Pointing straight back (But tilted up at this moment)


----------



## itsagr8day4fishing (Sep 29, 2011)

Thanks ESOX, 
Now theres an option I haven't thought of. So many different ways to do it. Get lost sometimes researching all the stuff.


----------



## lewy149 (Apr 19, 2007)

itsagr8day4fishing said:


> About to get the trolling rod's and reels on order and need to get some rod holders to run the set up. Plan on running 6 rods. 2 planer 2 bouncers and 2 lead. Boat is a Alumacraft Dominator 185 Sport with the wide gunnels. Been looking at the Horizontal 3 rod trees and the vertical 3 rod masts from various manufacturers . I have a spot on both sides behind the windshield and in the back right beside the jump seats where I plan on mounting the plates to be able to switch depending on if I'm riding solo or not. Don't have any experience with either style , in the past just had them spread down the gunnel. Can only afford the one set, this boat has got me tapped out for awhile:yikes:. Any input on what style you like running the most and why would be appreciated. Thanks Tom


Check a marine automated docks in harrison, poor boy rod trees I got track n trees 109 bucks a pair. They r just a as good as the rest. 

Outdoor Hub mobile, the outdoor information engine


----------



## 2manyfish (Feb 17, 2003)

Do a little bit at a time and wait till you have the money to do it right. You will end up want it right down the road so don't pinch pennies now. Once you drill holes they will always be there. 

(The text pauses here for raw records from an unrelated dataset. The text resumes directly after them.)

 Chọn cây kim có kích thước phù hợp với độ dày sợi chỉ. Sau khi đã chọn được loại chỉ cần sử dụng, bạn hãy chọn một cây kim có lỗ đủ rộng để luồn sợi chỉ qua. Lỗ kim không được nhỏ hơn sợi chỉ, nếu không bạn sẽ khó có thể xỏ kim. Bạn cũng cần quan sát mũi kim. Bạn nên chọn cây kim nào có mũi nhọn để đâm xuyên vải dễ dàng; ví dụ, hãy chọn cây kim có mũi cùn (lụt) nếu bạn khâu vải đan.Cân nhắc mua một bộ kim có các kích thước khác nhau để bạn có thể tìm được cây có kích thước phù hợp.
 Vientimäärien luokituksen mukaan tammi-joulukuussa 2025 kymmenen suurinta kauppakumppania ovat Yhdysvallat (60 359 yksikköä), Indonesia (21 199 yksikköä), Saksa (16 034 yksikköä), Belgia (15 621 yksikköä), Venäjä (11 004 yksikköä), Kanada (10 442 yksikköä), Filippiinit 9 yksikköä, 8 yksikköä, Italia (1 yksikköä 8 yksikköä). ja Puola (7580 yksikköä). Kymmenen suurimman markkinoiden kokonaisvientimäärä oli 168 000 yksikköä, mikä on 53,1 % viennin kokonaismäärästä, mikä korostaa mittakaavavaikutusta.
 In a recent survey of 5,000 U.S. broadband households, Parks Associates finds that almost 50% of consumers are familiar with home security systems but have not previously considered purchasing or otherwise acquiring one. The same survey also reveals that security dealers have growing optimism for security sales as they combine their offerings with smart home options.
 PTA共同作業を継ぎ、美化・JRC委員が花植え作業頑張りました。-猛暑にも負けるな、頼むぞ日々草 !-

I do not think the advice above about leadcore is correct. Don't know why you would run if off the corners. Most leadcore rods are about 8' long. I think my okuma leadcore rods are a bit shorter than that. 

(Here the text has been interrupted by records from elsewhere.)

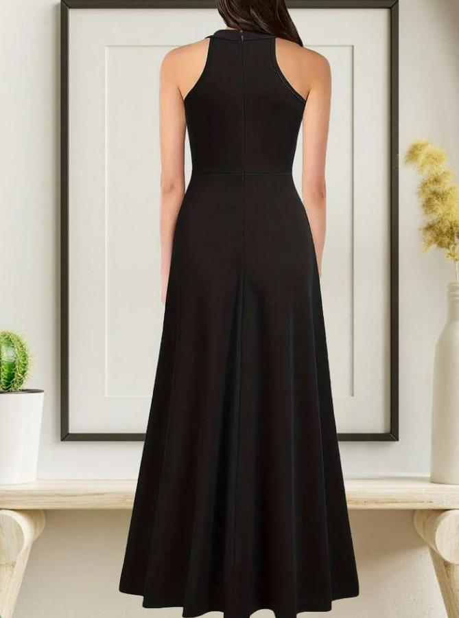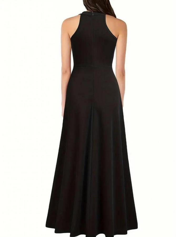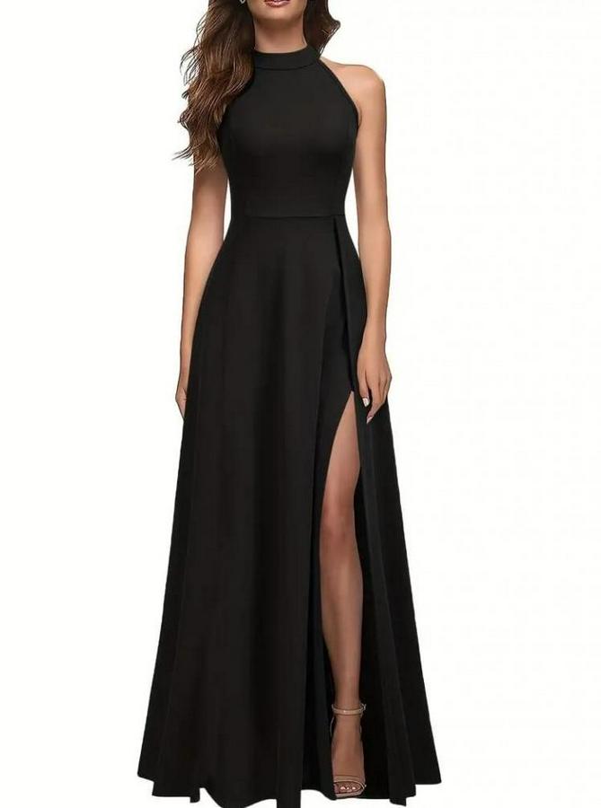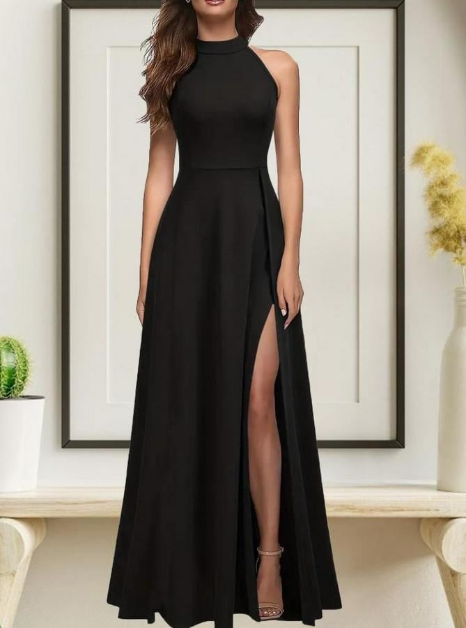 Kadın Halter Yaka Derin Yırtmaç Detaylı Tam Boy Ithal Krep Abiye Elbise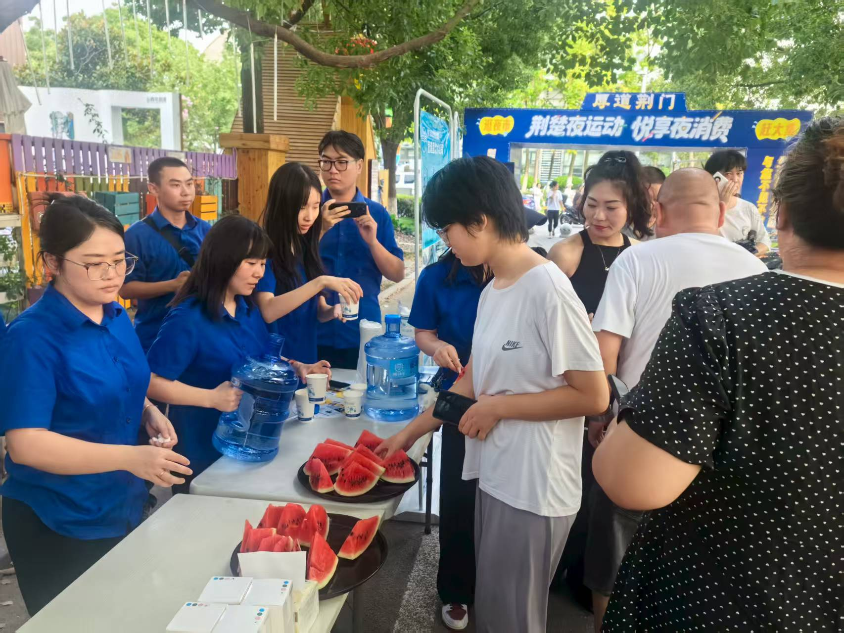 7月29日晚,市水務(wù)集團(tuán)慧泉房產(chǎn)公司攜手龍泉直飲水公司,帶著清涼好禮,結(jié)伴奔赴生態(tài)運(yùn)動公園“逛夜市,趕大集”。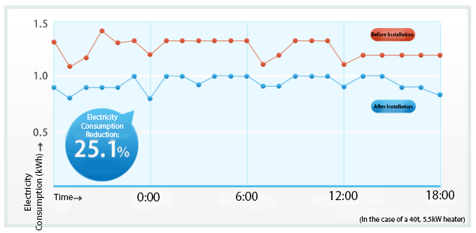 - Electricity Cost: Reduces electricity consumption of the cylinder’s heater section by approximately 20-50% (based on our company’s results).

I would mount my trees just behind the glass in the space you defined. These are for your boards. Farther back run your longer tracks. This gives you options down the road. It will also spread out the weight/stress across the track vs. running the 3 horizontal holder on a 6" track. Farther back is where you will run your bouncers. Somewhere in the middle you can add to divers to your spread.

So with a budget in mind I would place the tracks where they should go. Fill in the holders as time/money allows.


----------



## xbenx92713 (Mar 27, 2011)

get both. for inlines or big boards rod trees all the way, for dispy's horizontal. i have both on my boat and they both have a purpose but the rod trees get the most use in my boat. not to mention no line crossing or line hanging up on inlines with rod trees. get on a few peoples boats and see how you like the differences personally. if you put them on a track i would suggest a longer track than needed just incase you upgrade/add on in the future


----------



## ebijack (Apr 20, 2009)

2manyfish said:


> I do not think the advice above about leadcore is correct. Don't know why you would run if off the corners. Most leadcore rods are about 8' long.


Unless your sectioning your leadcore and using boards, how do you run yours? Typically when I have to run lead, I'll run one rod out the back since it will have 400+ feet of line out. (leader + lead). My reason for not running lead. PIA. Although there are days where is does work very well.


----------



## 2manyfish (Feb 17, 2003)

Sounds like you spool your reel full with core and let out the amount of colors for the depth you want. 
I don't splice in mono. I run different rods with different color counts. For example on the bay I might use 2 two color rods and 2 3 color rods. Run out the core and snap the inlines to the mono backer. Run you highest lines farthest from the boat. So run out your two color the three color on each side. Fish hits the outside rod will usually rise above the deeper line. When resetting the line run the board slack past your other lines and then accross. 

Its 30' per color so 400 ft of line would be roughly 13 colors and run about 55ft deep. 

Inside of the core on holders closer to the back of the boat I would run your quicker/deeper diving presentations. Divers, bouncers ect.


----------



## itsagr8day4fishing (Sep 29, 2011)

Sounds like what I want to do 2manyfish. I know there's alot of factors and I'll be learning as I go. 3 colors(18lb) with mono backer figured would get me in the 15ft range about 90-100ft back. + or - depending on lures,speed ect. Also thought it would then give me the option of running it straight off the back or inline planers to the mono. Only plan on experimenting with two rods with the lead.


----------



## 2manyfish (Feb 17, 2003)

You are correct. 4-5ft depth per color is a good rule of thumb. If you do any salmon fishing you may want to consider 27lb. I do not believe there is much difference in sink rates. 



itsagr8day4fishing said:


> Sounds like what I want to do 2manyfish. I know there's alot of factors and I'll be learning as I go. 3 colors(18lb) with mono backer figured would get me in the 15ft range about 90-100ft back. + or - depending on lures,speed ect. Also thought it would then give me the option of running it straight off the back or inline planers to the mono. Only plan on experimenting with two rods with the lead.


_Posted via Mobile Device_


----------